Depending on the firm, capital requirements might range from 20% to as much as 60% of what a partner expects to earn in a given year. A young partner could be on the hook for $100,000 to $200,000.
But a seasoned lateral hire from another law firm who pulls in $1 million to $2 million a year might be asked to put inasmuch as half of what he or she expects to earn in a year. Often, the money is due upfront.
To smooth the path, many firms offer loan programs that allow partners to borrow money at attractive rates while they wait for their old firms to pay back their capital. Repayment can take anywhere from one to five years, depending on a firm's partnership agreement.

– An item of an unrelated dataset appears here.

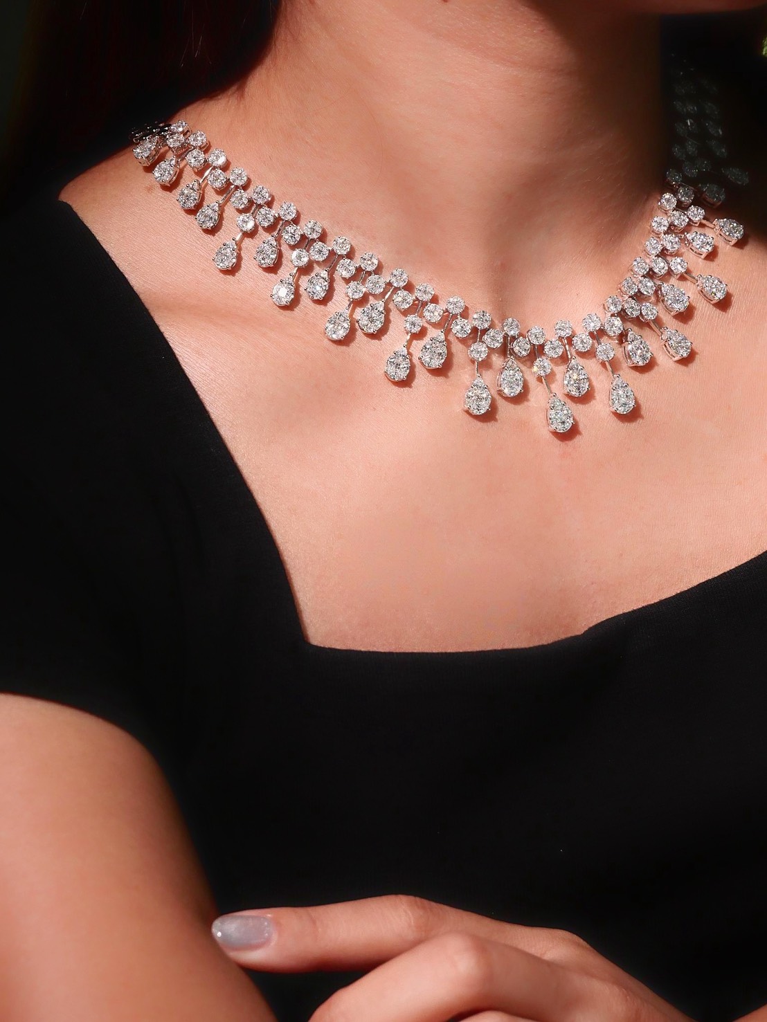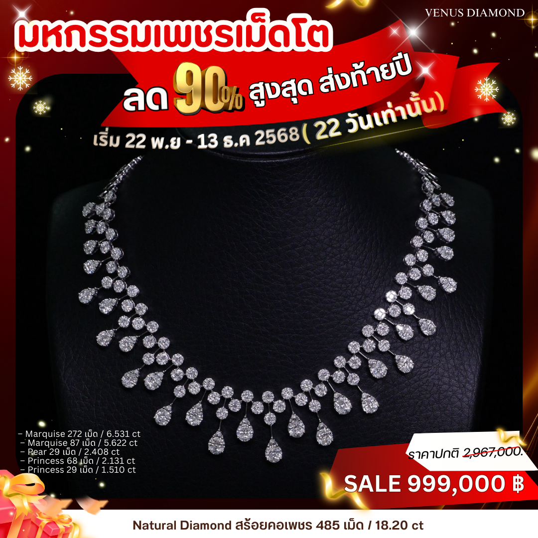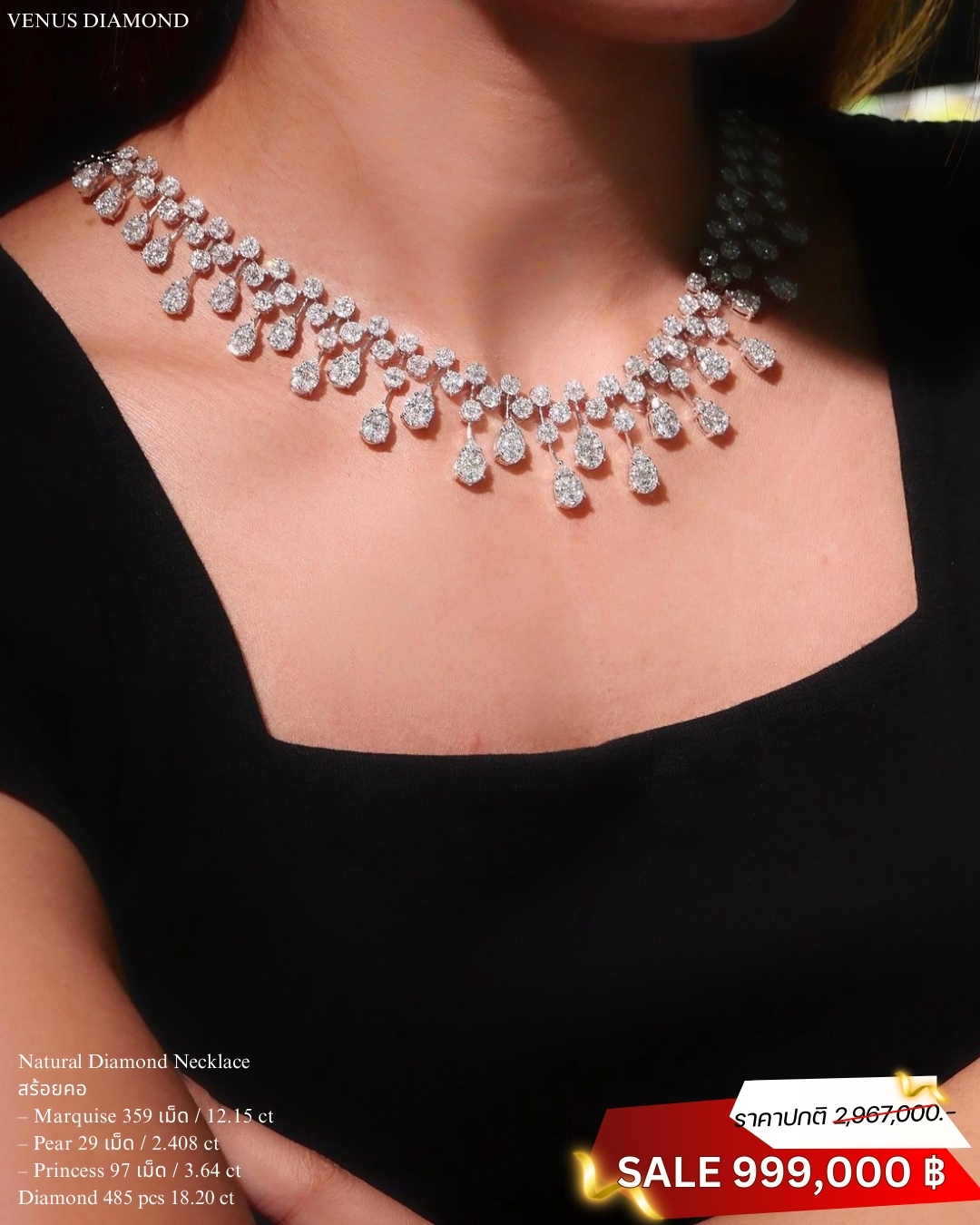 สร้อยคอ N1562A2/133626 Marquise 272 / 6.531 ct Marquise 87 / 5.622 ct Pear 29 / 2.408 ct Princess 68 / 2.131 ct Princess 29 / 1.510 ct white gold 18k. 58.83 g

Law-firm lenders say capital-loan programs have expanded in recent years, as more firms ask partners to pay equity stakes in full, instead of deducting a portion each year from each partner's share of the profit.
Another boost to loan programs: Firms looking to tidy up their balance sheets and minimize bank debt also have been leaning on partners for additional infusions of cash.
Once a partner signs off on the loans, the money flows from the bank to the law firm. When that partner leaves, the firm sends capital payments straight to the bank until the loan is repaid.
But the lawyer is ultimately on the hook for the loan—and that can be a problem if law firms don't pay the money back as agreed.
Dewey & LeBoeuf has yet to pay return capital owed to dozens of partners who left Dewey Ballantine LLP before it merged with LeBoeuf, Lamb, Greene & MacCrae LLP in 2007, according to those former partners. Those who took out loans from Barclays Bank PLC's corporate-banking division say Dewey began skipping bank payments in 2008 and 2010, citing a lack of funds, then set up a new payment schedule that further delayed the return of capital.
In 2011, Dewey sent those partners quarterly statements indicating that money was being deducted from the firm's capital account and paid back to the bank.
But a former partner who contacted Barclays earlier this year was told that no payments on the loan principal had been made in 2011. In a February email shared with an online group of former partners, Dewey's general counsel, Janis Meyer, said the mix-up was because the statements didn't provide enough room to explain the situation, and promised to pay interest on the missed payments.
Representatives for Dewey & LeBoeuf and Barclays declined to comment.
Many of the partners who joined Dewey & LeBoeuf in 2011 took out loans to satisfy their capital contributions. That burden will likely weigh even more heavily on a number of partners who joined Dewey from Howrey as that firm collapsed. In essence, these partners are down two capital stakes.
Dewey leadership put "a lot of pressure on lateral partners during 2011 to pay their capital in advance," said former partner Henry Bunsow, one of several partners who joined the firm from Howrey.
Brad Hildebrandt, the chairman of Hildebrandt Consulting LLC, said partners whose firms have failed can face serious financial problems.
"It's unfortunate, because most partners didn't have control over the situation," Mr. Hildebrandt said.
When firms fail, he added, "Partners rarely get any capital back, they often have to write checks, and they rarely have any recourse."